As an active member of The American Phytopathological Society (APS) for 40 years, Elmer has contributed to the society in many leadership capacities, including as a senior editor of Phytopathology from 2012 to 2015 and an associate editor of Plant Disease from 1992 to 1995. He also served as one of the first APS divisional forum representatives for the Northeastern Division from 2009 to 2012 and assumed a leading role in developing the divisional engagement plan under the new governance structure. In 2012, he co-organized the standing APS symposium that showcases winners of the graduate student awards. He also co-organized the APS symposia “Disease Suppression in Sustainable Agriculture in Relation to Mineral Nutrition" in 1995 and “Emerging Nano-Materials for Disease Management and Pathogen Diagnostics" in 2016. Elmer has served on the following APS committees: Membership Ad Hoc, Widely Prevalent Fungi, New Fungicide and Nematicide Data, Biological Control, Ornamental Diseases, and Soil Microbiology and Root Disease. He also has been very active in the Northeastern Division, serving as president, vice president, and secretary and also chairing the Local Arrangements, Site Selection, Graduate Student Awards, Extension, and Symposium Committees. The APS PRESS book that he co-edited, Mineral Nutrition and Plant Disease, received a Choice Outstanding Academic Title award and has been an APS best-seller for 12 consecutive years, generating more than $430,000 in gross sales for the society.

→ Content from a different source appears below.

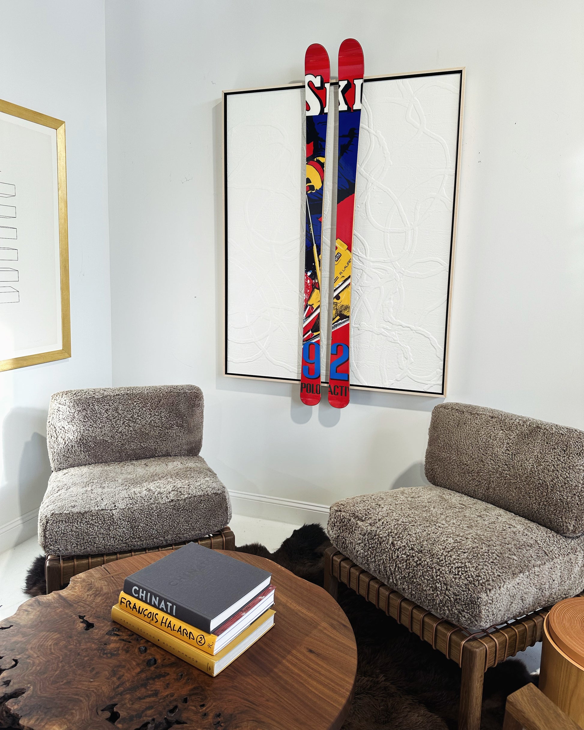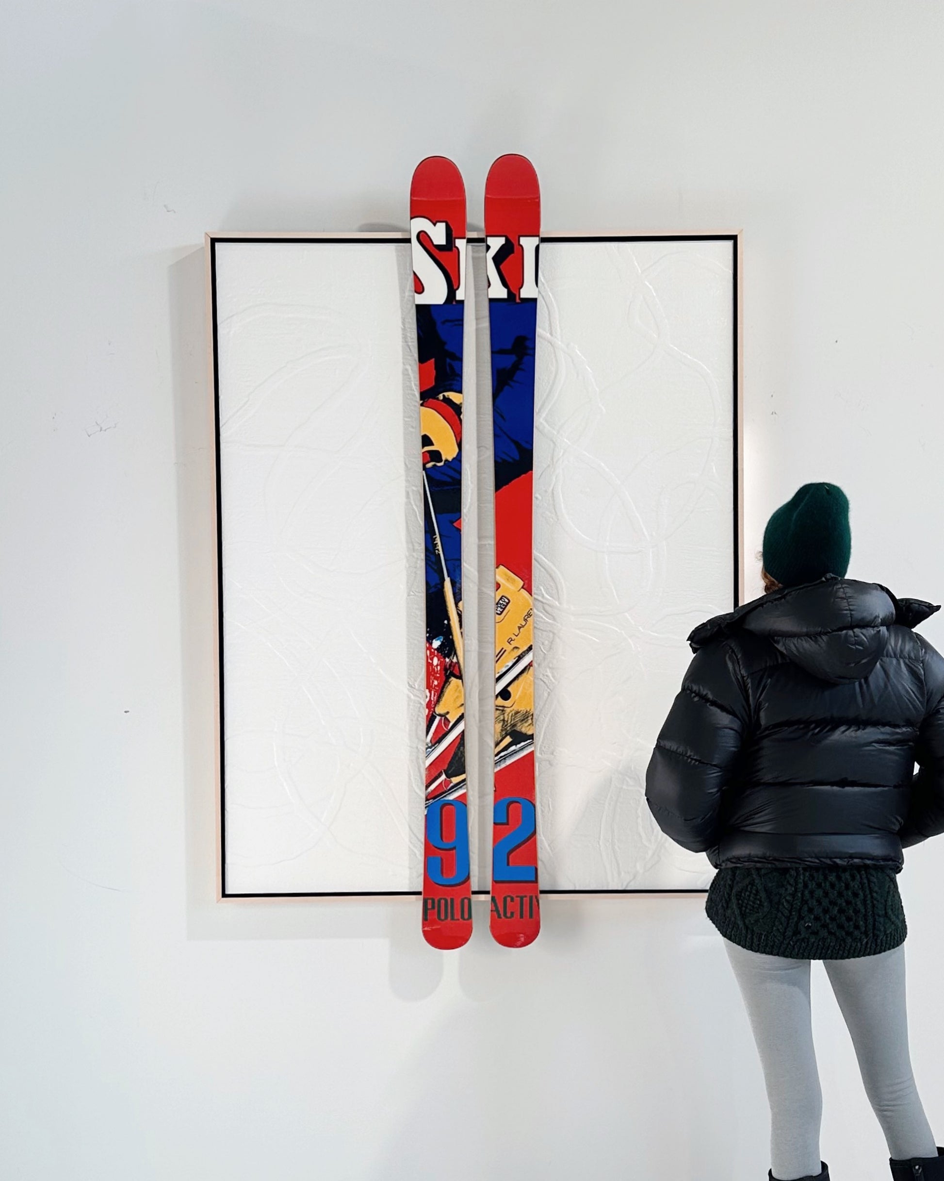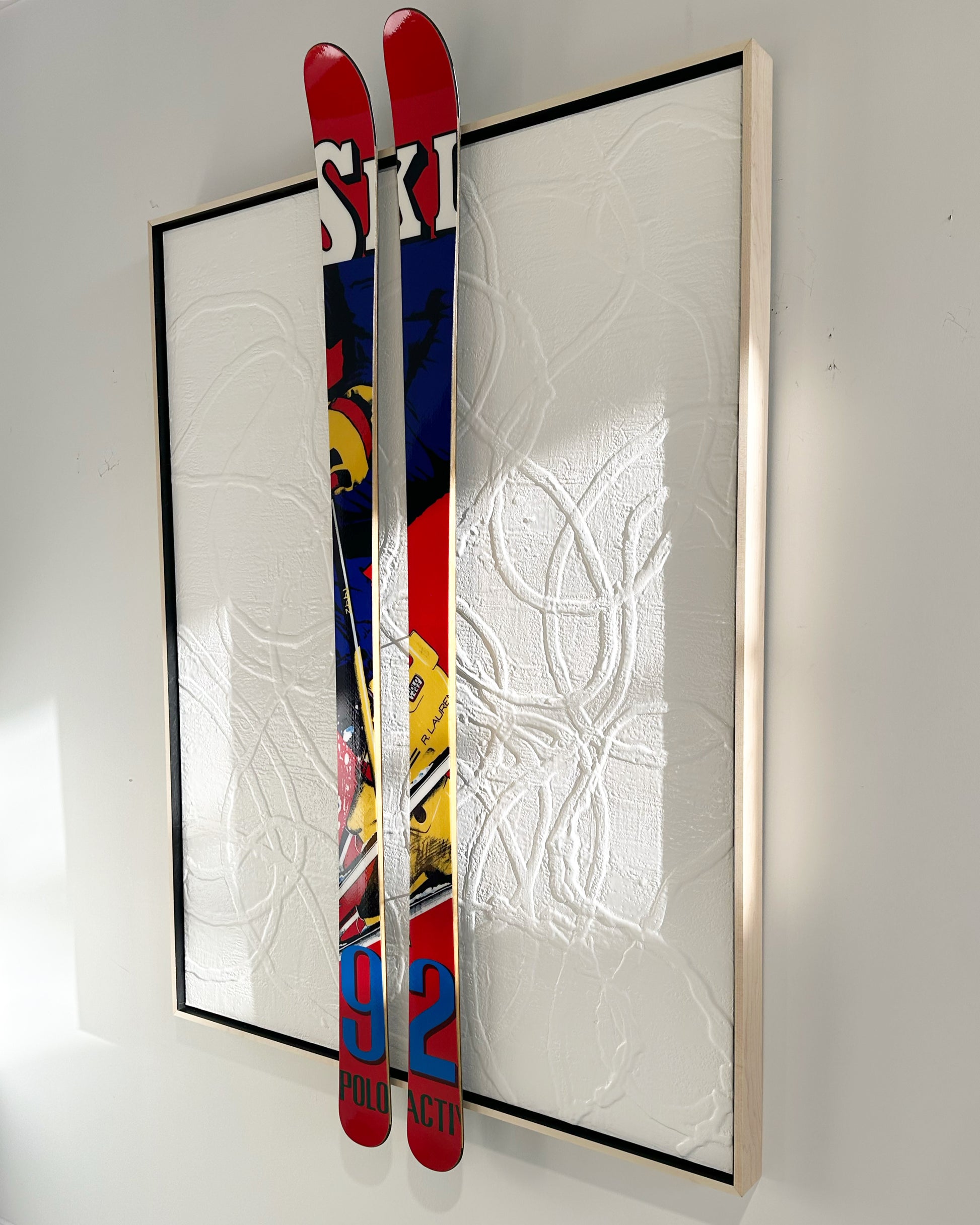 Encaustic and Ralph Lauren skis float-mounted on board.
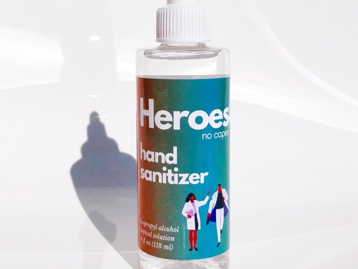 However, I wanted to make sure the final hand sanitizer would be as appealing and easy to use as possible. Ultimately, I came up with two ideas. First, I wanted to add a nice scent. The base formulation smelled really strongly of alcohol and chemicals, so I added some essential oils (like lavender and tea tree) to make it smell better. Second, I wanted to put a fun and recognizable design on the bottle, something that could be a tribute to all the heroic frontline healthcare and social workers fighting the pandemic. After trying a few design ideas, I stumbled upon the quote: “not all heroes wear capes”.

Elmer also has been very active outside APS. He recently co-edited the two-volume Handbook of Florists' Crops Diseases published by Springer and has served as an associate editor for Crop Protection since 2009. In Connecticut, he served on the governor's advisory council to enhance vocational agriculture education in the state's high schools. Although Elmer has no formal teaching responsibilities, he has mentored numerous high school interns and undergraduates and served on 11 graduate student committees at a number of universities, including the Universities of Connecticut, Florida, Massachusetts, Michigan, Texas, and Lavras, Brazil.

Elmer has published highly relevant articles in excellent journals on Fusarium diseases and on the role of nutrition in plant disease. He is regarded by the international community as an expert in both of these areas and has presented lectures and seminars in more than 10 countries. All of these accomplishments, coupled with his extensive service to APS, make him highly worthy of recognition as an APS Fellow.